Is the clock speed constant and independent of the number of cores used?

Analyze binary for the most time-consuming functions

The binary perf-serial is built along with the parallel binary but with options -qopenmp-stubs and -pg.

Run the binary and get the runtime profile:

$ ./perf-serial 2500 40000
$ gprof --flat-profile perf-serial gmon.out

What is the hot spot of the program, i.e., where is most of the runtime spent?

In-depth analysis

Instrument the binary yourself using the LIKWID Marker API:

one region around the whole PCG loop (src/Solver.cpp)
one around the each of the two loops in the preconditioner in PDE::GSPreCon (src/PDE.cpp)
one around the loop in Grid::axpby() (src/Grid.cpp)

Add $LIKWID_INC, $LIKWID_LIB, -llikwid and -DLIKWID_PERFMON to the Makefile. Note: These shell variables are set by our likwid module, so they are not portable to other systems.

Compile the code with:

$ make

First run on a single core with the MEM_DP and the FLOPS_DP groups:

$ srun --cpu-freq=2900000-2900000:performance likwid-perfctr -g <group> -C S0:0 -m ./perf 2500 40000

Look at the following derived metrics in the different regions:

overall instructions executed
floating-point performance
Vectorization ratio
Memory read/write data volume ratio
memory bandwidth

How do the two parts of the preconditioner compare with each other and with axpby? Is the code vectorized? What is the SIMD width? What fraction of the arithmetic instructions are vector instructions? What fraction of the overall arithmetic work is done with vectorized instructions?

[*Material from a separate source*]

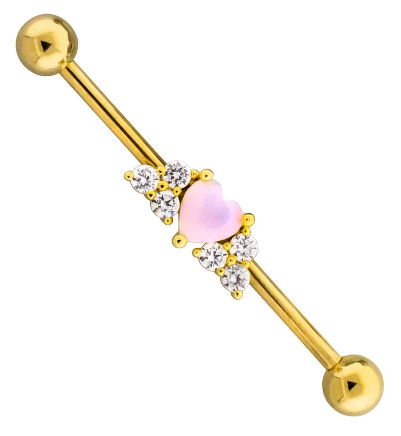 Gold PVD Pink Heart Clear CZ Stainless Steel Industrial Barbell

Now execute the benchmark using all cores on one socket:

$ srun --cpu-freq=2900000-2900000:performance likwid-perfctr -g MEM_DP -C S0:0-15 -m ./perf 2500 40000

Questions:

Do the two parts of the preconditioner scale across cores?
Does the performance of the axpby loop scale?
Any theories?

Optional task if you finish early: Investigate changes with different grid size: Run the MFPCG with the grid size 10000x10000 and compare the results with the results of the 2500x40000 runs:

$ srun --cpu-freq=2900000-2900000:performance likwid-perfctr -g MEM_DP -C S0:0-15 -m ./perf 10000 10000

How does the bandwidth change?
Any other metric that changes significantly?
What could be the reason in case of changes?

Last modified: Thursday, 31 July 2025, 11:51 AM